INSTRUCTIONS TO FOLLOW —
Copy out the listing that follows exactly, dropping every picture.

INFORMATION SUPPLIED —
-- Opening Marker --

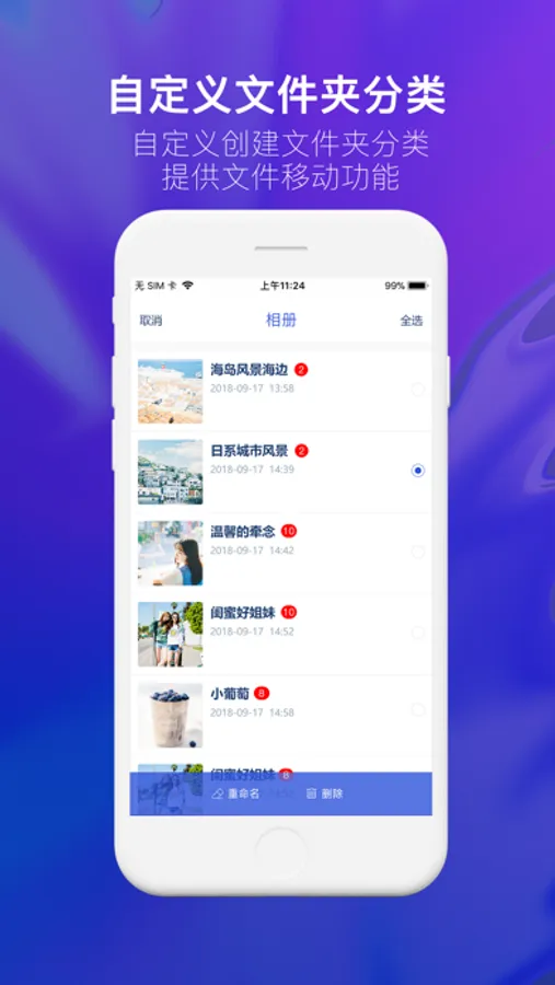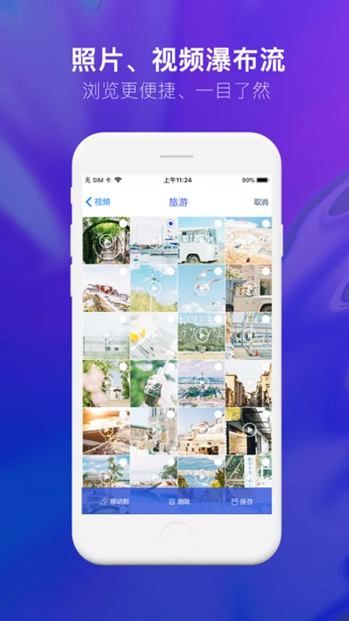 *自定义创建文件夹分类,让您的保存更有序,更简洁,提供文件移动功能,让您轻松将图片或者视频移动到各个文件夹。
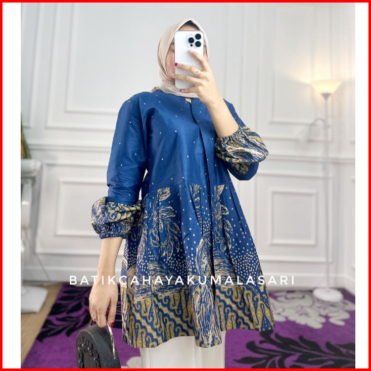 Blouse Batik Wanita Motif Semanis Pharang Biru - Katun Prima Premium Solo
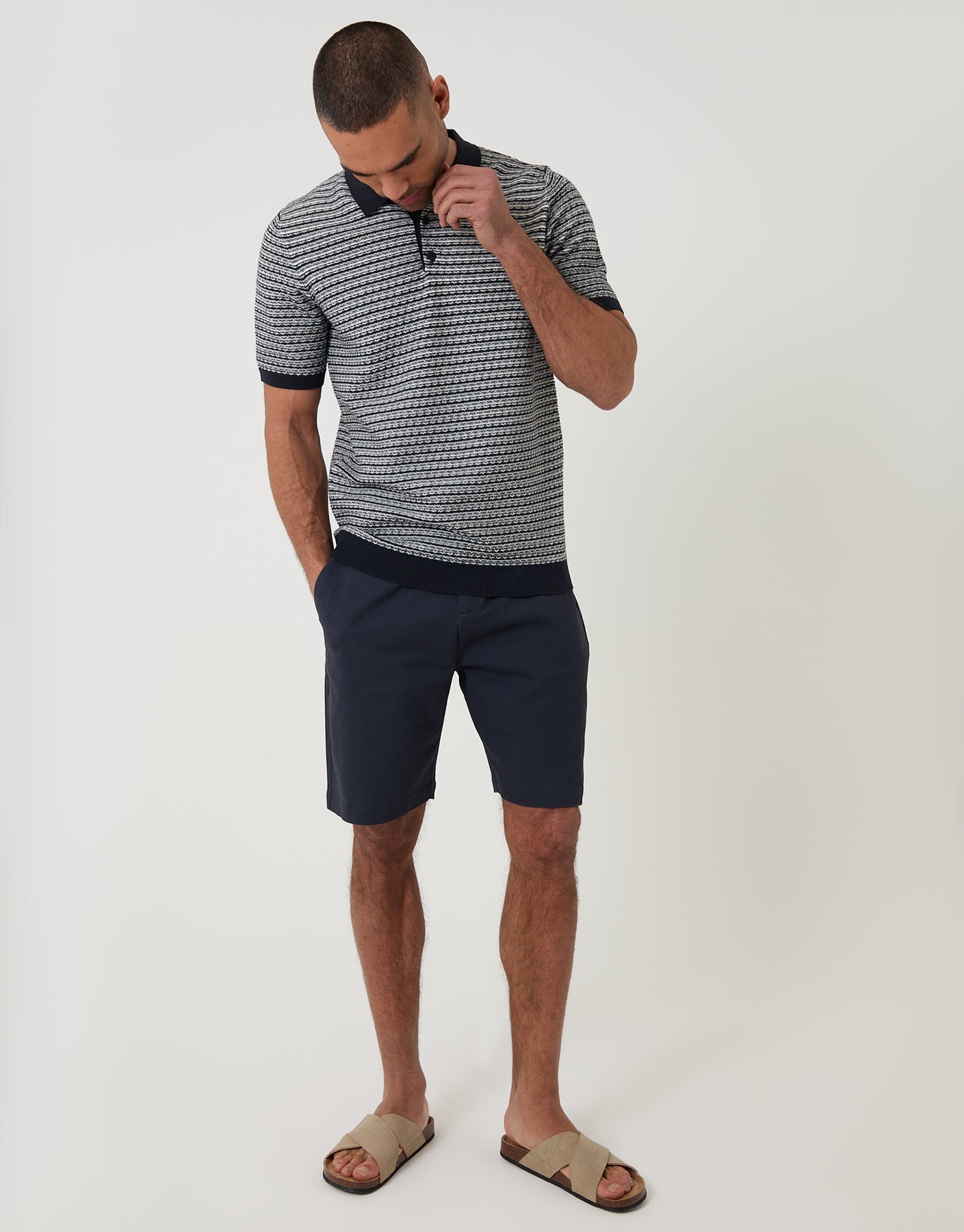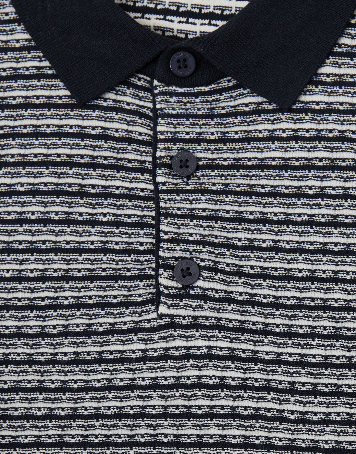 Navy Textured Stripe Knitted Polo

-- Closing Marker --

ANSWER SPACE —
 *自定义创建文件夹分类,让您的保存更有序,更简洁,提供文件移动功能,让您轻松将图片或者视频移动到各个文件夹。
 Blouse Batik Wanita Motif Semanis Pharang Biru - Katun Prima Premium Solo
 Navy Textured Stripe Knitted Polo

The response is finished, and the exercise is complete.